-- Data section follows --

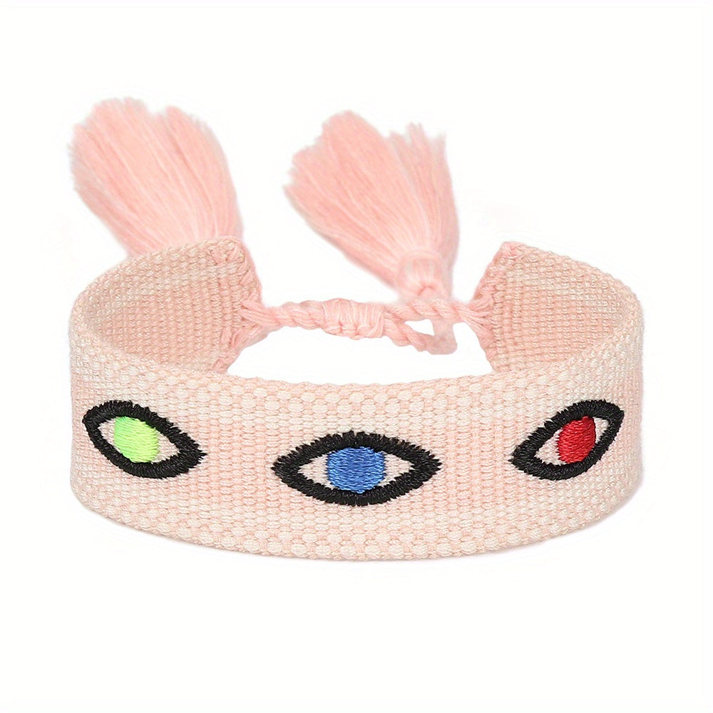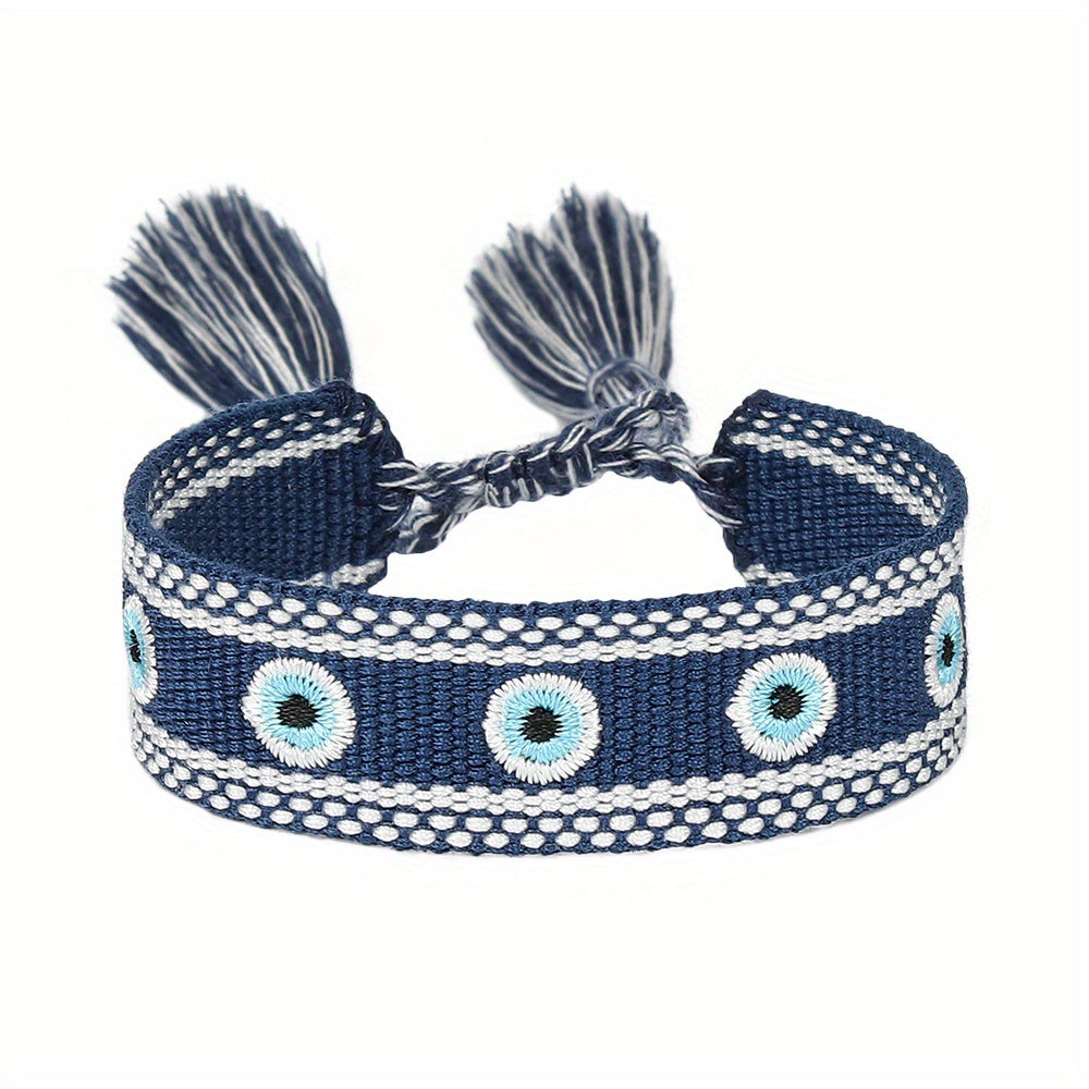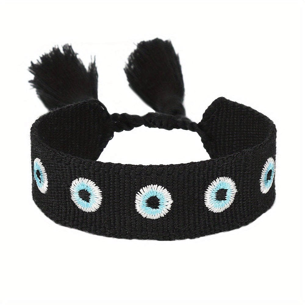 This braided rope bracelet features evil's eyes embroidery with tassel details, perfect for weddings, parties, or as a thoughtful gift. Available in 10 vibrant colors.
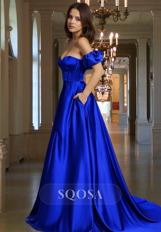 Off-Shoulder Sweetheart Pleated A-Line Prom Dress Puff-Sleeves High Slit Satin Evening Gowns
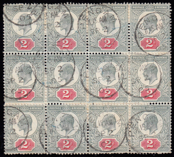 SG226 1905 2d. Grey-green and carmine red. Very fine cds used block of 12.
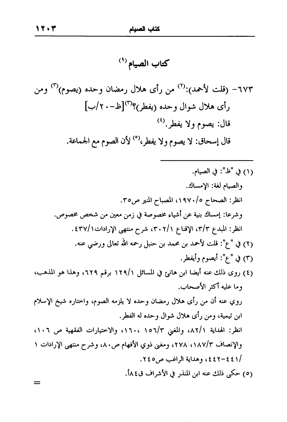 [673-] (قلت لأحمد) :2 من رأى هلال رمضان وحده (يصوم) 3 ومن رأى هلال شوال وحده (يفطر) ؟ 3 [ظ-20/ب]
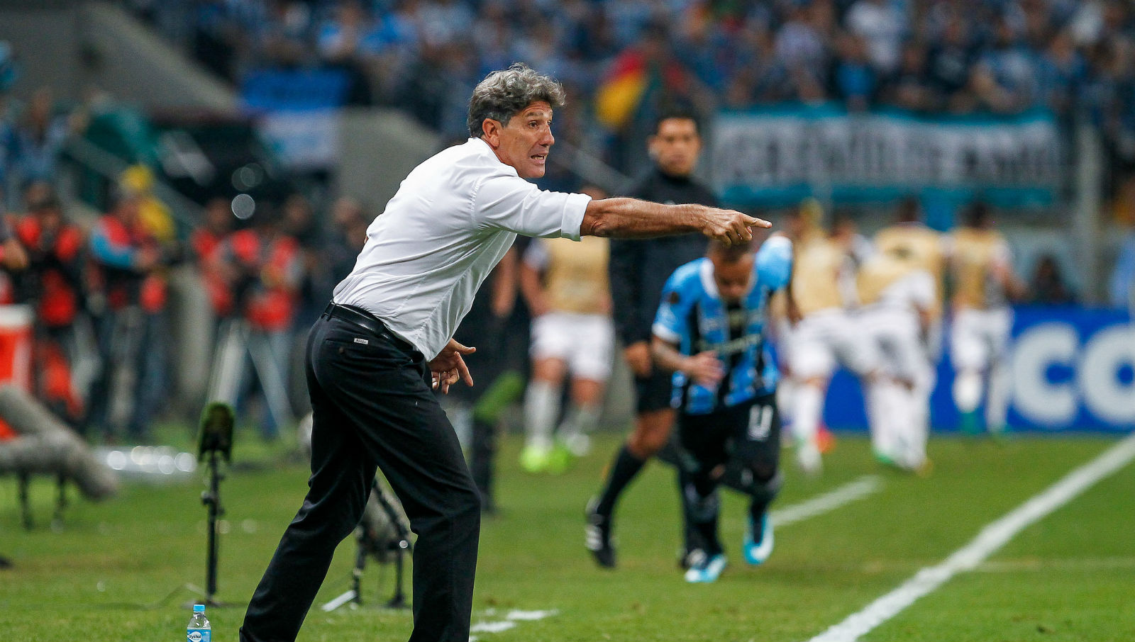A concentração do Grêmio se via desde a entrada dos times em campo. Via-se a partir daquilo que acontecia nas arquibancadas. A Arena é diferente do velho Olímpico. Ainda assim, proporcionou uma recepção trepidante aos gremistas. Pulsou entre bobinas, fogos de artifício e fumaças, nas três cores que regiam Porto Alegre nesta quarta. A área da Geral, sobretudo, era a que melhor lembrava as melhores festas da antiga casa. Da Libertadores de sempre.

-- Data section concluded --

The lines wanted run from the one with "Off-Shoulder Sweetheart Pleated" through the final line of the data; repeat them word for word and skip every picture.

 Off-Shoulder Sweetheart Pleated A-Line Prom Dress Puff-Sleeves High Slit Satin Evening Gowns
 SG226 1905 2d. Grey-green and carmine red. Very fine cds used block of 12.
 [673-] (قلت لأحمد) :2 من رأى هلال رمضان وحده (يصوم) 3 ومن رأى هلال شوال وحده (يفطر) ؟ 3 [ظ-20/ب]
A concentração do Grêmio se via desde a entrada dos times em campo. Via-se a partir daquilo que acontecia nas arquibancadas. A Arena é diferente do velho Olímpico. Ainda assim, proporcionou uma recepção trepidante aos gremistas. Pulsou entre bobinas, fogos de artifício e fumaças, nas três cores que regiam Porto Alegre nesta quarta. A área da Geral, sobretudo, era a que melhor lembrava as melhores festas da antiga casa. Da Libertadores de sempre.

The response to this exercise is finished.